**Information provided:**
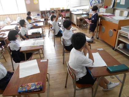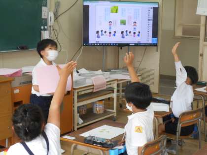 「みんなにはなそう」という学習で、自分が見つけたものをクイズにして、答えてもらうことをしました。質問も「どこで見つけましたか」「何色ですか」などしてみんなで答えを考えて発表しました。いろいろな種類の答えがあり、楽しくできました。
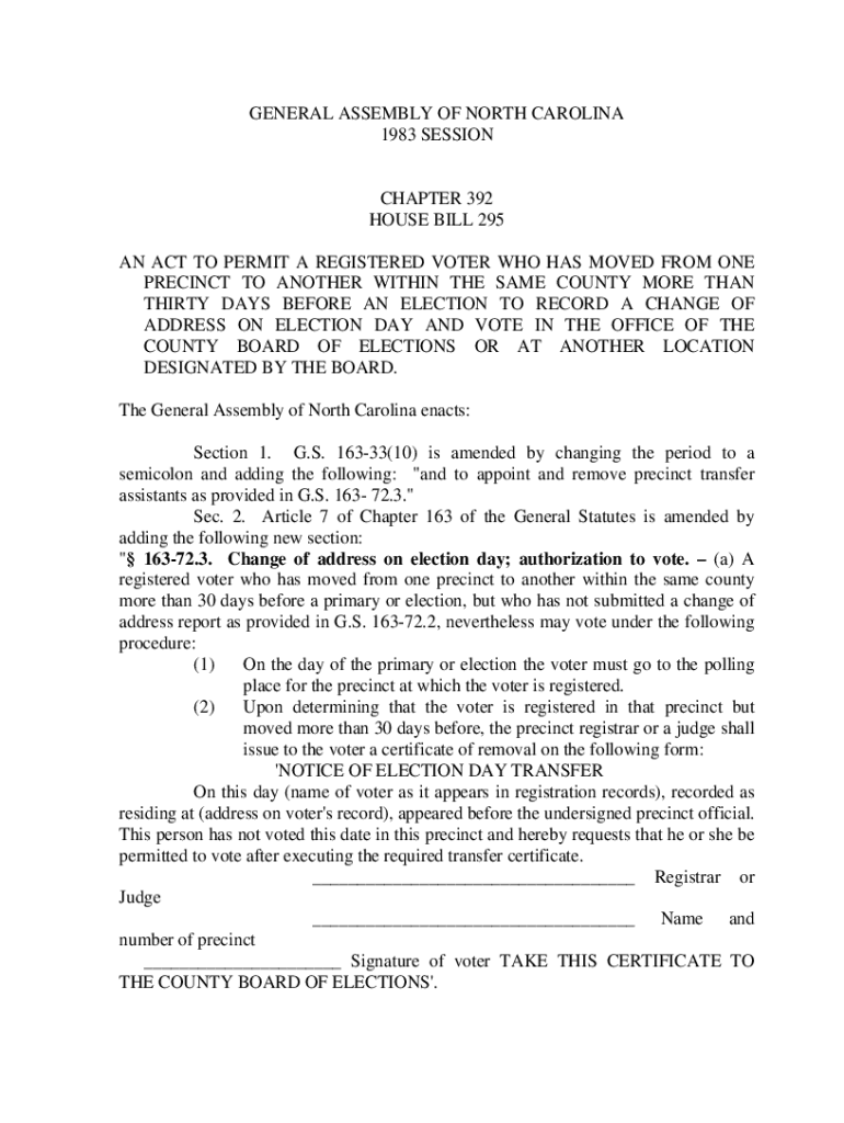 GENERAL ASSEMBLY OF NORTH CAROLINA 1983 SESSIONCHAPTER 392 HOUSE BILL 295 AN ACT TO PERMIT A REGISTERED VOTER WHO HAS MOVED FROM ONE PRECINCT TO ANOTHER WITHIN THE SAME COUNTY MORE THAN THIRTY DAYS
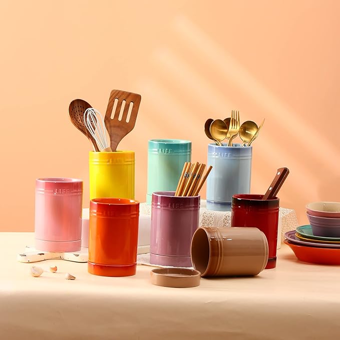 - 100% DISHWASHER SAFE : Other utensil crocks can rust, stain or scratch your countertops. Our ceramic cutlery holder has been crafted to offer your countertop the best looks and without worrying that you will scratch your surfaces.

**What is expected:** If a line holds a picture, skip the picture and transcribe the rest of the material exactly.

**Response box:**
 「みんなにはなそう」という学習で、自分が見つけたものをクイズにして、答えてもらうことをしました。質問も「どこで見つけましたか」「何色ですか」などしてみんなで答えを考えて発表しました。いろいろな種類の答えがあり、楽しくできました。
 GENERAL ASSEMBLY OF NORTH CAROLINA 1983 SESSIONCHAPTER 392 HOUSE BILL 295 AN ACT TO PERMIT A REGISTERED VOTER WHO HAS MOVED FROM ONE PRECINCT TO ANOTHER WITHIN THE SAME COUNTY MORE THAN THIRTY DAYS
 - 100% DISHWASHER SAFE : Other utensil crocks can rust, stain or scratch your countertops. Our ceramic cutlery holder has been crafted to offer your countertop the best looks and without worrying that you will scratch your surfaces.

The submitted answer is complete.